**INSTRUCTIONS TO FOLLOW:**
Output the full listing exactly as written, with no pictures in it.

**PROVIDED DATA:**

-=-=-=-=-

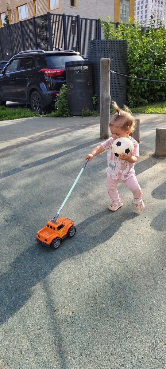 Новый день - новый мячик и новая каталка 😁 У Арианны появилась очень хитрая тактика на детской площадке. Она берет свой мяч, идёт к любому понравившемуся ребенку и с улыбкой протягивает ему свой мячик. Все вокруг тут же умиляются какая добрая девочка. И предлагают ей взамен свои игрушки. А доброй хитрой девочке только это и надо 😁
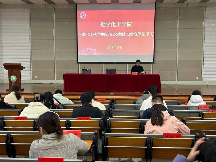 11月29日下午,化学化工学院在北校区化工楼报告厅组织开展2023年秋学期第五次教职工政治理论学习。学院党委书记庞辉主持,学院全体教职工参加学习。
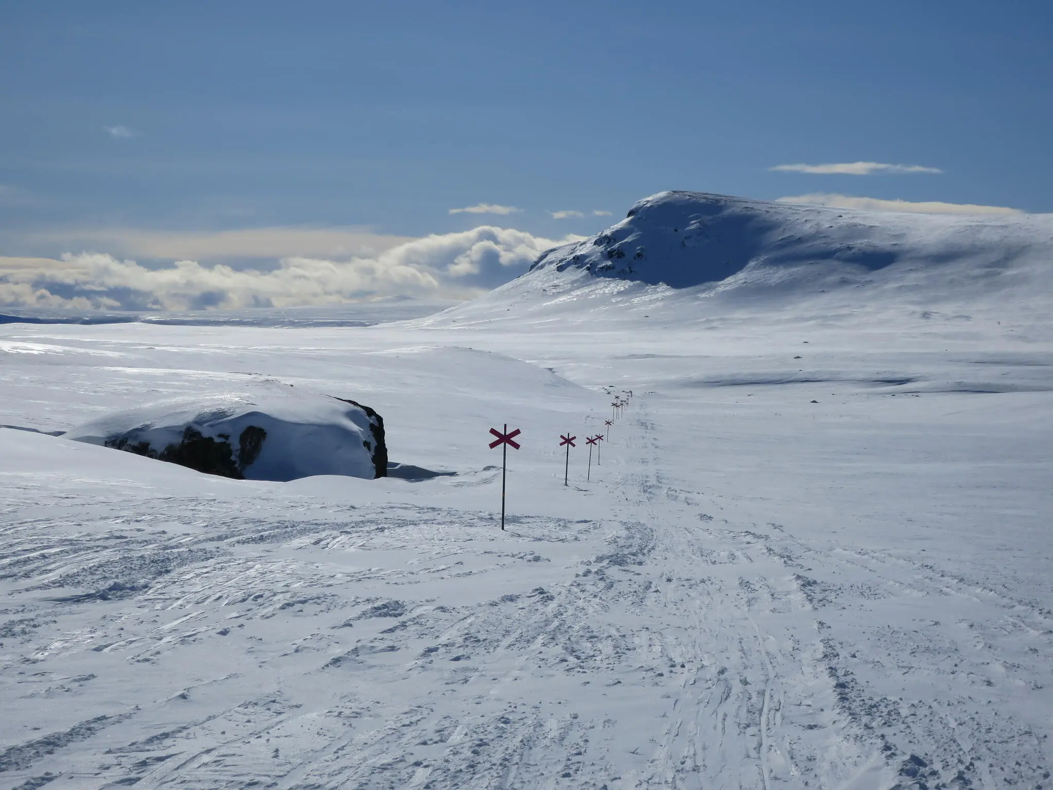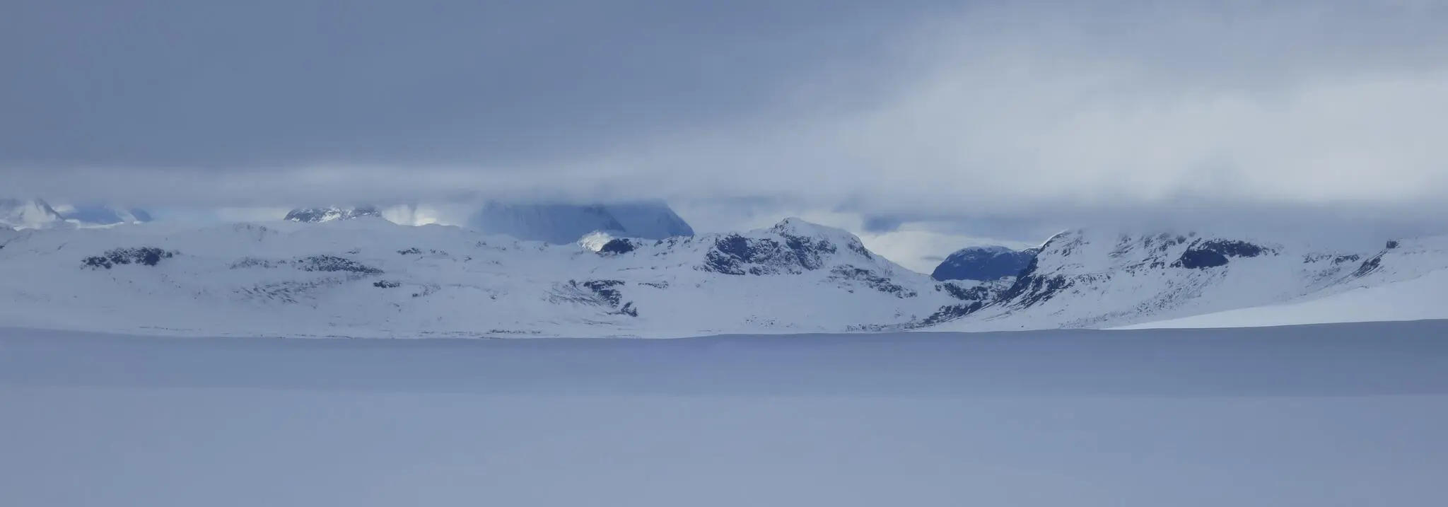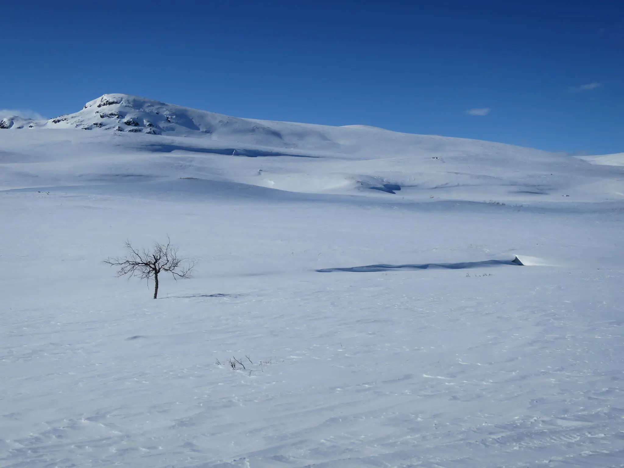 Men även om kvällen före avfärd från Årrenjarka var en gastronomisk höjdare började etappens första skiddag i moll. Jag kollar igenom utrustningen vid varje depå. För skidorna handlar det mest om att nagelfara bindningarna, sitter skruvar, etc? Men hade helt missat att ena skidan delaminerat i bakkant. Inte bra!!! Skidan konstaterades dock åkbar så jag gav mig iväg västerut på sjön mot Kvikkjokk och Kungsleden norrut. Sisco hade mer spring i benen och körde direkt norrut över berget Kabla. Men de 800 höjdmeterna lockade mig inte med maxfylld pulka (efter depåfyllningen) så min plan var att istället åka runt berget. Tidsmässigt samma och vi hade en plats på andra sidan där vi skulle ses efter två dagar.
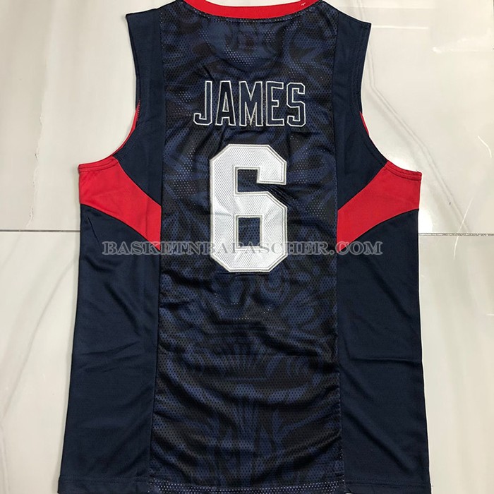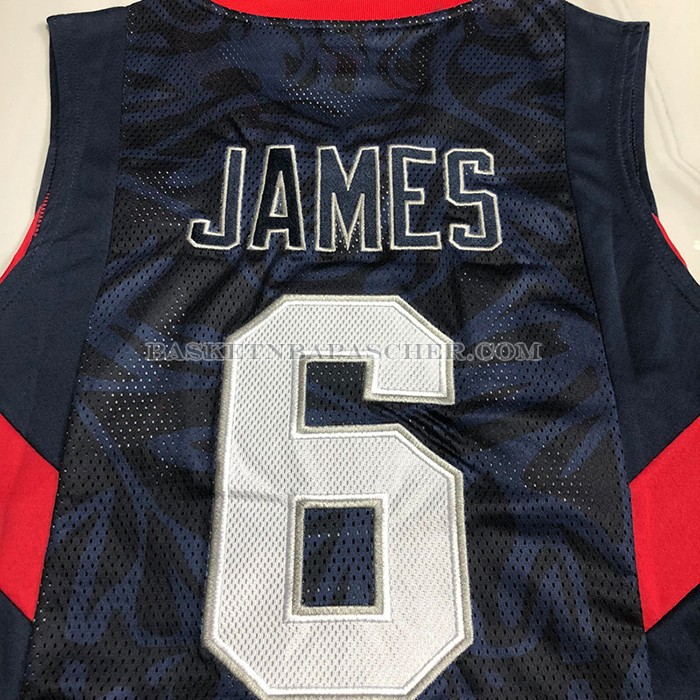 Maillot USA 2008 LeBron James NO 6 Bleu

-=-=-=-=-

**TASK ANSWER:**
 Новый день - новый мячик и новая каталка 😁 У Арианны появилась очень хитрая тактика на детской площадке. Она берет свой мяч, идёт к любому понравившемуся ребенку и с улыбкой протягивает ему свой мячик. Все вокруг тут же умиляются какая добрая девочка. И предлагают ей взамен свои игрушки. А доброй хитрой девочке только это и надо 😁
 11月29日下午,化学化工学院在北校区化工楼报告厅组织开展2023年秋学期第五次教职工政治理论学习。学院党委书记庞辉主持,学院全体教职工参加学习。
 Men även om kvällen före avfärd från Årrenjarka var en gastronomisk höjdare började etappens första skiddag i moll. Jag kollar igenom utrustningen vid varje depå. För skidorna handlar det mest om att nagelfara bindningarna, sitter skruvar, etc? Men hade helt missat att ena skidan delaminerat i bakkant. Inte bra!!! Skidan konstaterades dock åkbar så jag gav mig iväg västerut på sjön mot Kvikkjokk och Kungsleden norrut. Sisco hade mer spring i benen och körde direkt norrut över berget Kabla. Men de 800 höjdmeterna lockade mig inte med maxfylld pulka (efter depåfyllningen) så min plan var att istället åka runt berget. Tidsmässigt samma och vi hade en plats på andra sidan där vi skulle ses efter två dagar.
 Maillot USA 2008 LeBron James NO 6 Bleu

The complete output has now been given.